もっとも、事情を知っている彼女からすれば、綾音の話はそれとなくどころか明らかにわざとらしく聞こえるのだが……。
しかし事情を知らない人間には、どうもそういう風には聞こえないらしい。留美が非常に残念そうにぼやく。
「へぇ、そうなんやー。同期会がなかったら、絶対見に行ったのになぁ」
その言葉に、綾音の目がキラリと光った。――ように水奈には見えた。
(あっちゃー、留美何余計なこと言うてくれんねん……)
内心でそんな恨み言を呟く水奈の耳に、ここぞとばかりに自分に話を振ってくる綾音の声が聞こえる。
「そういや水奈、あんた同期会行かへんのやろ?」
「うん……」
事実なので渋々頷く。すると綾音は、今度は文彰に話を振った。
「確か道島も行かへんって言ってなかったっけ?」
急に話を振られた彼は、少し驚いた表情を浮かべながらも首肯する。
すると、ようやく状況を把握したらしい――もしくは最初から綾音とグルで、既に状況を把握していた――留美が、水奈にとってとどめの一撃を喰らわせた。
「え、じゃあ水奈と道島くん、二人で花火大会行ってきたらいいやん」
「おぉい、ちょっと待てぇ」
既成事実を作るがごとくどんどん進められていく話を、ようやく水奈は制止する。
「何勝手に話進めてくれてんのよ? だいたいあたしには彼氏がおるって二人とも知ってるやんか」
しかしこういう話になった時の綾音と留美のコンビに、水奈は勝てたためしがない。案の定、ひるむことなく留美が言い返してくる。
「別に彼氏は関係ないやん。ただ友達同士で花火大会見に行くだけやねんから」
「う……」
言われた水奈の方がひるんでしまった。
確かにそれは留美の言う通りだ。「高校時代にとても仲がよかった友達同士」で花火大会を見に行くなど、そこらに百も二百も転がっている話だろう。それを面倒なものにしているのは、その「友達同士」が男性と女性である、高校時代に女性側が男性に片想いをしていた、そういう関係だった男女が二人きりで見に行く、そして女性側に現在彼氏がいるというこの四点であり、以上の点を無視すればなんら問題のない話ではあるのだ。

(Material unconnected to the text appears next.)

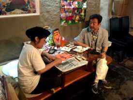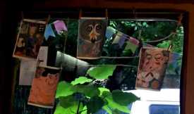 6/5、「飾り付けが上手く行かない、助けて〜〜〜!」とメールが入った。国立のエマさんのカレー屋さんと三軒長屋のお店が共同で企画を作り、メグラ画伯の絵をレラに飾る事になったのである。

反論の余地を探して水奈が黙っていると、今度は綾音が口を開く。
「それにさぁ、ぶっちゃその彼氏やって何してるかわからんわけやん。何やったら道島、彼氏から水奈う――」
「あーっっっっ!!!!!」
綾音が何を言おうとしているかに気付いて、水奈は慌てて大声を出した。瞬間的に、室内にいた全員の視線が彼女に集中する。
「あ、す、すんません。続きどうぞ……」
マイクを持ったまま自分を凝視する中園に中断させてしまった非礼を詫びると、水奈は綾音と留美に向き直った。
「もうストップ、ストップ。この話はこれでおしまい」
「えー」
不満タラタラの綾音と留美だが、水奈にそれを聞きいれるつもりはない。今の台詞でこの話を終わらせようとする。
ところが、予想外のところから邪魔が入った。
「布柄、彼氏が何してるかわからんってどういうこと……?」
文彰だ。彼は先程までの笑顔の代わりに厳しい表情を浮かべて、彼女の目をじっと覗き込んでいる。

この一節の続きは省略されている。